**Exercise description**
Keeping pictures out, repeat the lines of the listing below exactly, starting at its first line and finishing with the one that holds "This snack box".

**Provided material**
Content starts

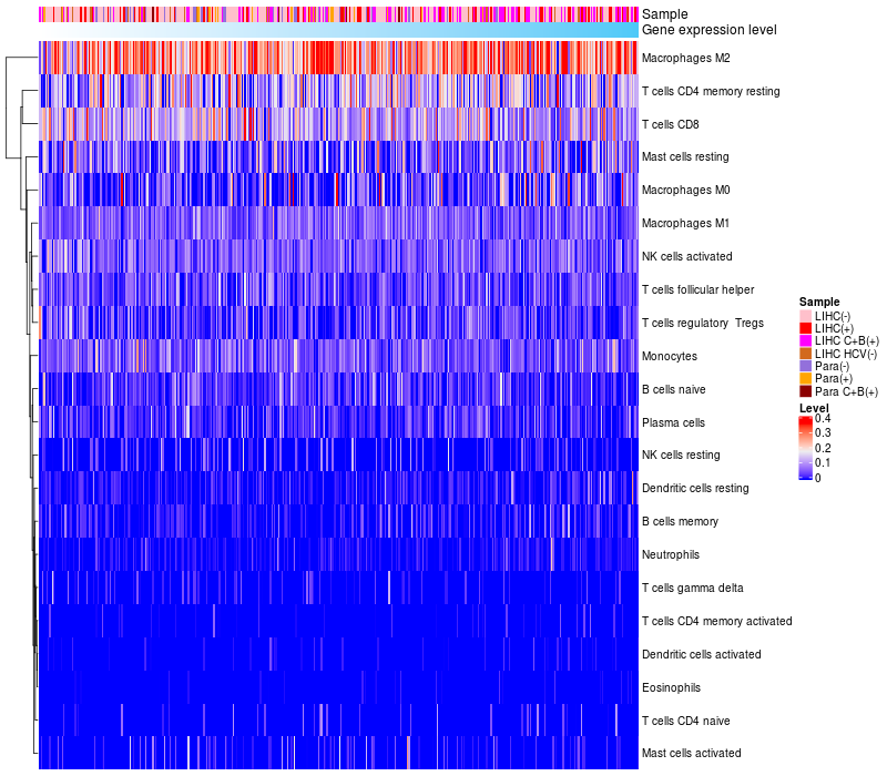 Relationship between gene expression and immune infiltrating cell level
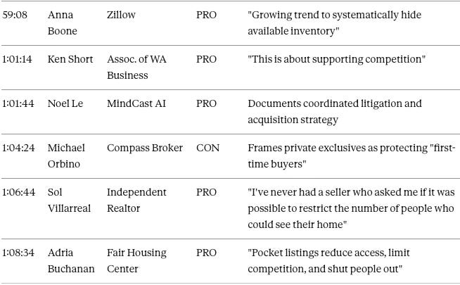 Sol Villarreal, an independent Seattle realtor since 2014, testified to what the apparatus’s “seller choice” narrative obscures:
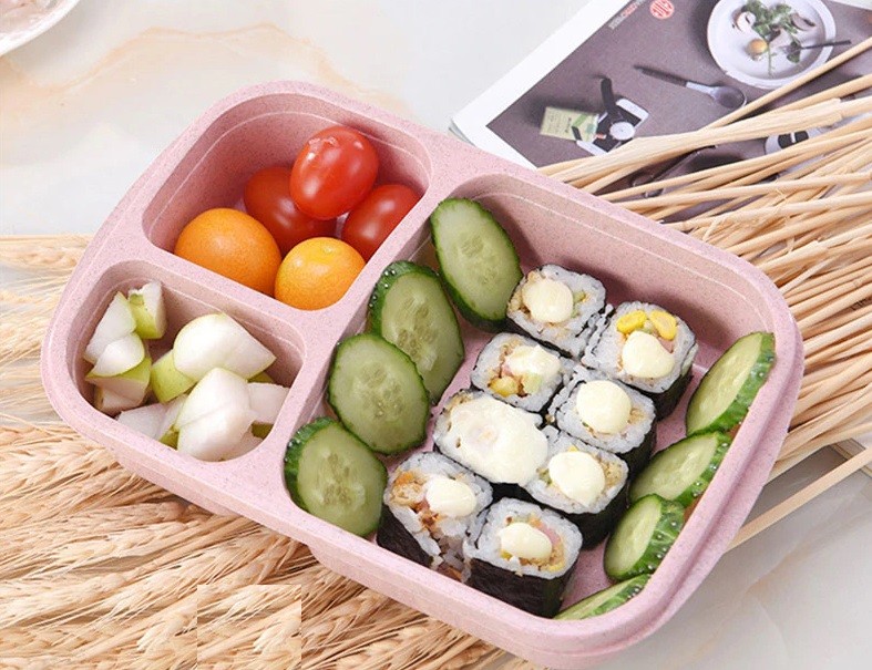 This snack box is made from wheat straw and is very practical.
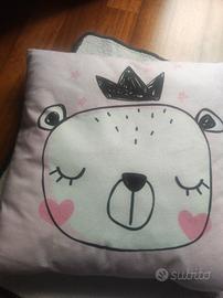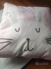 tappetino rosa sbiadito e due cuscini fondo rosa con orsetto e coniglio, sono da rinfrescare perché c e qualche macchiolina che non so vede subito e che al lavaggio sicuramente viene via, comunque sono in buono stato.britiro Roma Marconi San paolo

Content ends

**Exercise output**
 Relationship between gene expression and immune infiltrating cell level
 Sol Villarreal, an independent Seattle realtor since 2014, testified to what the apparatus’s “seller choice” narrative obscures:
 This snack box is made from wheat straw and is very practical.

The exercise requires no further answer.